Dr. Kevin Park, Associate Professor, Department of Neurological Surgery and The Miami Project to Cure Paralysis, along with graduate student, Eric Bray, and colleagues found that two distinct genes, THBS1 and syndecan-1, are differentially expressed in ipRGCs and associate with their survival and axon regeneration. When the team eliminated THBS1 from the cells, axons failed to regenerate. Conversely, when the team caused the cells to produce more THBS1, regeneration was enhanced in the ipRGCs, as well as non-ipRGC neurons. In addition, Miami Project scientists showed that the other gene, syndecan-1, is closely associated with THBS1 and plays a role in axon regeneration.
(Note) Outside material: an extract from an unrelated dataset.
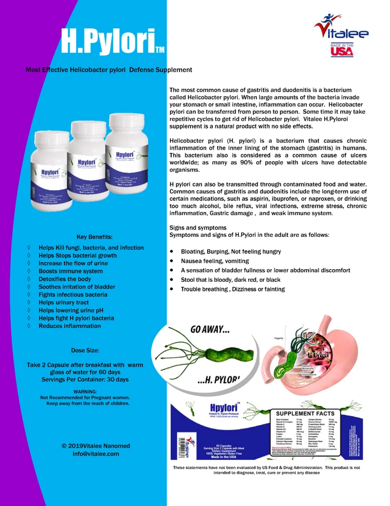 Helicobacter pylori (H. pylori) is a bacterium that causes chronic inflammation of the inner lining of the stomach (gastritis) in humans. This bacterium also is considered as a common cause of ulcers worldwide; as many as 90% of people with ulcers have detectable organisms. This product may help you get rid of Leak Gut over time. Key Benefits: May help Kill fungi, bacteria, and infection, may help stop bacterial growth, increase the flow of urine, boosts immune system, detoxifies the body, soothes irritation of bladder, fights infectious bacteria. Vitalee Helicobacter pylori supplement may help get rid of H. Pylori bacteria in 60-90 days evidenced by H.Pylori stool/breath test report. Be advised that some time Helicobacter pylori test can be falsely positive or negative and must be discussed with your primary physician. H.Pylori is a stubborn ailment buy it upon confirmed H.Pylori stool/breath test. When you start using Helicobacter pylori supplement your results may vary depending on the severity and length of this ailment. While some people see changes in as little as 60 days and it may take others longer to see a difference. Note : All modern medicine for treating H.Pylori such as Tetracycline , metronidazole , Clarithromycin , Ranitidine, or Zantac antibiotic are likely to cause stomach pain. These statements have not been evaluated by the Food and Drug Administration. This product is not intended to diagnose, treat, cure, or prevent any disease.
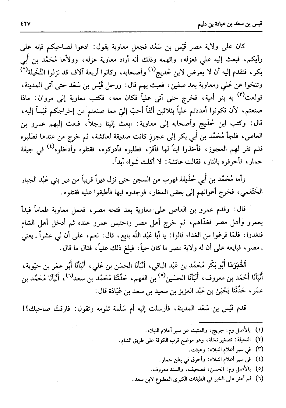 كان على ولاية مصر قيس بن سعد فجعل معاوية يقول ادعوا لصاحبكم فإنه على رأيكم فبعث إليه علي فعزله واتهمه وذلك أنه أراد معاوية عزله وولاها محمد بن أبي بكر فتقدم إليه أن لا يعرض لابن حديج (1) وأصحابه وكانوا أربعة آلاف قد نزلوا النخيلة (2) وتنحوا عن علي ومعاوية بعد صفين فعبث بهم قال ورحل قيس بن سعد حتى أتى المدينة فولعت (3) به بنو أمية فخرج حتى أتى عليا فكان معه فكتب معاوية إلى مروان ماذا صنعتم لأن تكونوا أمددتم عليا بثلاثين ألفا أحب إلي مما صنعتم من إخراجكم قيسا إليه قال وكتب ابن حديج وأصحابه إلى معاوية ابعث إلينا رجلا فبعث إليهم عمرو بن العاص فلجأ محمد بن أبي بكر إلى عجوز كانت صديقة لعائشة ثم خرج من عندها فطلبوه فلم تقر لهم العجوز فأخذوا ابنا لها فأقر فطلبوه فأدركوه فقتلوه وأدخلوه (4) في جيفة حمار فأحرقوه بالنار فقالت عائشة لا أكلت شواء أبدا وأما محمد بن أبي حذيفة فهرب من السجن حتى نزل ديرا قريبا من دير بني عبد الجبار الخثعمي فخرج أعوانهم إلى بعض المغار فوجدوه فيها فأطبقوا عليه فقتلوه قال وقدم عمرو بن العاص على معاوية بعد فتحه مصر فعمل معاوية طعاما فبدأ بعمرو وأهل مصر فغداهم ثم خرج أهل مصر واحتبس عمرو عنده ثم أدخل أهل الشام فتغدوا فلما فرغوا من الغداء قالوا يا أبا عبد الله بايع قال نعم على أن لي عشرا يعني مصر فبايعه على أن له ولاية مصر ما كان حيا فبلغ ذلك عليا فقال ما قال أخبرنا أبو بكر محمد بن عبد الباقي أنبأنا الحسن بن علي أنبأنا أبو عمر بن حيوية أنبأنا أحمد بن معروف أنبأنا الحسين (5) بن الفهم حدثنا محمد بن سعد (6) أنبأنا محمد بن عمر حدثنا يحيى بن عبد العزيز بن سعيد بن سعد بن عبادة قال قدم قيس بن سعد المدينة فأرسلت إليه أم سلمة تلومه وتقول فارقت صاحبك

Their results were recently published in the journal Neuron.

“These findings raise interesting questions about manipulating these genes, and others that were revealed in the study, to promote regeneration in other types of neurons in the CNS, including those that control sensory and motor functions in the spinal cord,” said Dr. Park.

Dr. Park and his colleagues at The Miami Project who are studying nerve regeneration continue to investigate alternative strategies to improve axon regeneration, which may result in improved function for people living with SCI and other CNS injuries.